For conventional materials of THz-QCLs, GaAs-, InP-, and InSb-based semiconductors have been employed. However, even when these materials are employed, it is difficult to realize a THz-QCL of frequency range of 5 to 12 THz. This is because, energy bands of scattering through Froehlich interaction between electrons and longitudinal-optical (LO) phonons for these materials have an overlap with a frequency range of 5 to 12 THz. For example, the LO-phonon energy ELO for GaAs is 36 meV, which is equivalent to 9 THz. In addition, population inversion is degraded due to the fact that refilling lower lasing level with electrons, called thermal backfilling, is likely to occur with GaAs-, InP-, and InSb-based semiconductors, which is also disadvantageous to lasing operation.

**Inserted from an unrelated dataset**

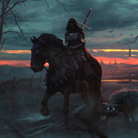 an outdoor setting during what seems to be twilight or dawn, given the warm light in the sky. There is a structure that looks like a castle or fortress in the distance, adding to the medieval or fantasy atmosphere of the image.
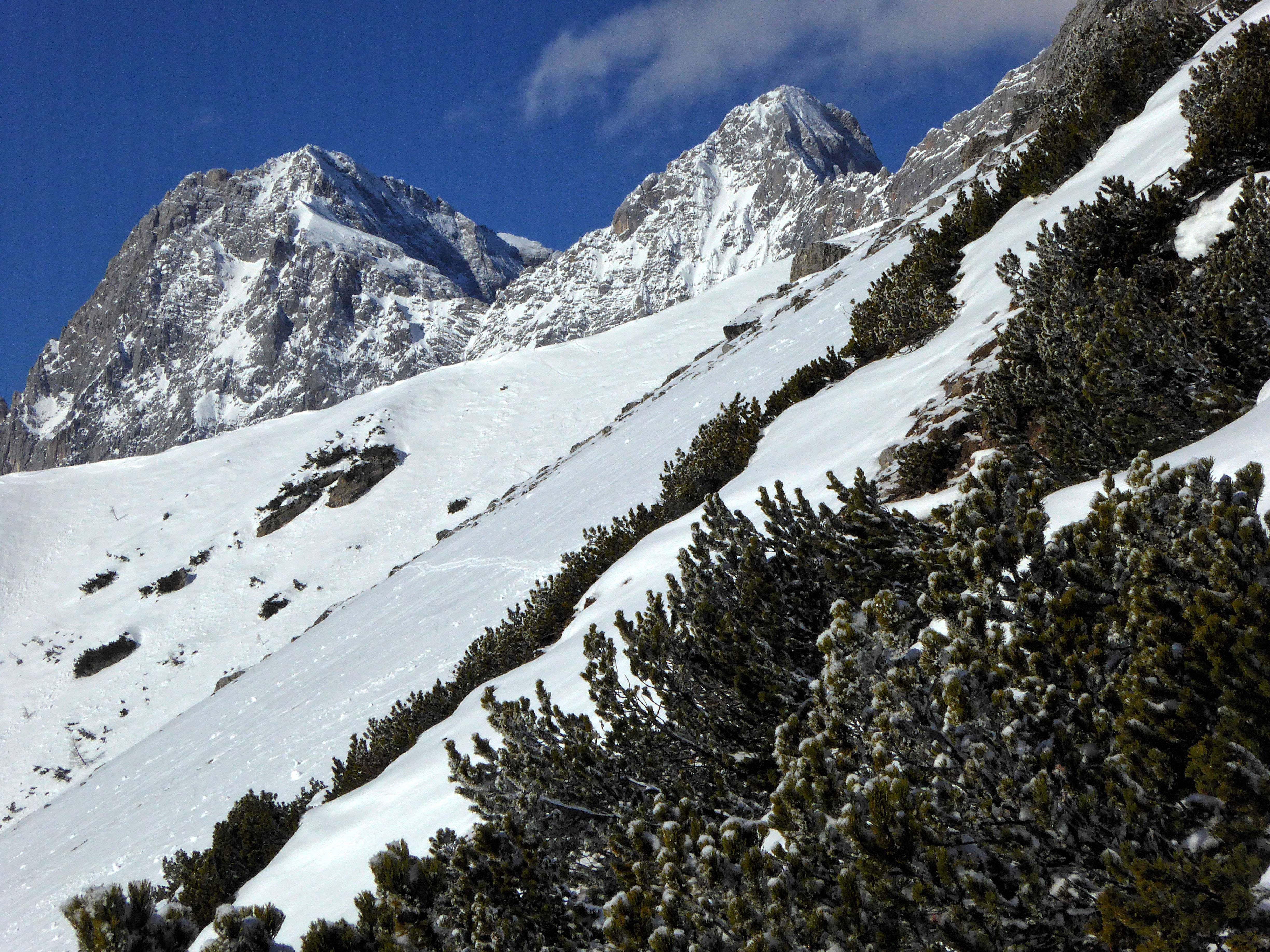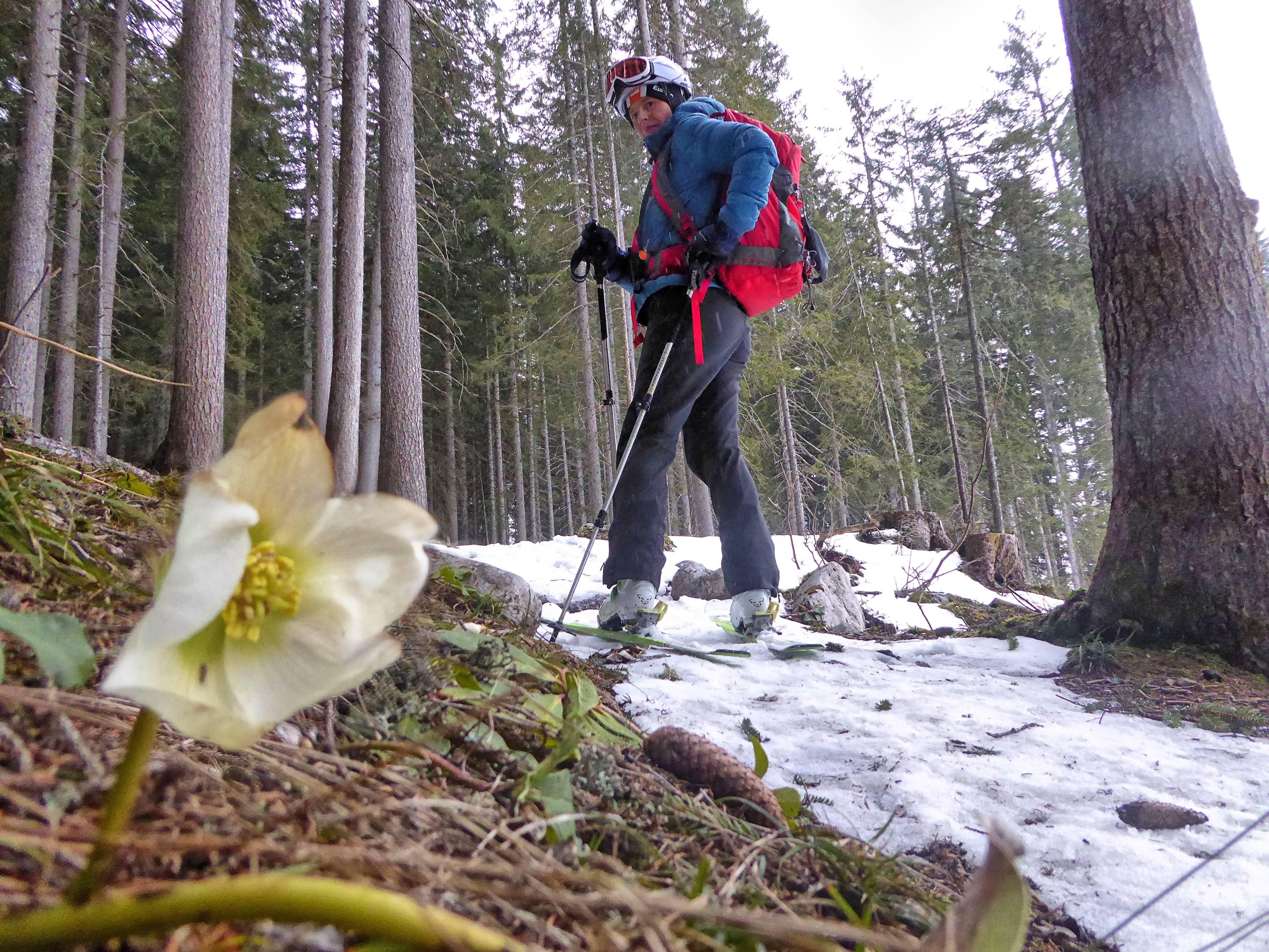 Sichere Frühjahrsverhältnisse bei pistenartigen harten Bedingungen. Ledeglich die alten Spuren störten bei der Abfahrt, aber da konnten wir auf unverspurtes Gelände ausweichen. Im Wald weich.

It is expected that employing a nitride semiconductor, in place of the above-mentioned conventional materials such as GaAs, allows a THz-QCL of a frequency range of 5 to 12 THz to be realized. With a GaN-based material, which is a typical one of the nitride semiconductors, the LO-phonon energy ELO is 90 meV, namely, about three times higher than that of GaAs. Because of the high LO-phonon energy, the phonon domain shifts to near 22 THz, which is equivalent to the energy of the LO-phonon, enabling the prevention of absorption due to electron-LO-phonon scattering in a frequency range of 5 to 12 THz. Furthermore, a higher energy of electron-LO-phonon scattering is advantageous also in that operation at high temperature can be expected.
It is noted that a theoretical calculation result is disclosed in the case that a super lattice having two well layers of GaN and two barrier layers of AlGaN in each unit corresponding to one period is adopted (see for example, Patent Literature 1, claim 2 therein). However, when a crystal lattice is grown on a polarized surface, which is important in terms of crystal growth, it is shown that a gain takes on negative values at energies corresponding to frequencies of 5 THz or above, or about 20 meV or more. Therefore, lasing operation at frequencies over 5 THz cannot be expected (see for example, Patent Literature 1, FIG. 17). In addition, in this disclosure, actual operation is not predicted specifically. For example, lasing frequencies to be operated are not identified.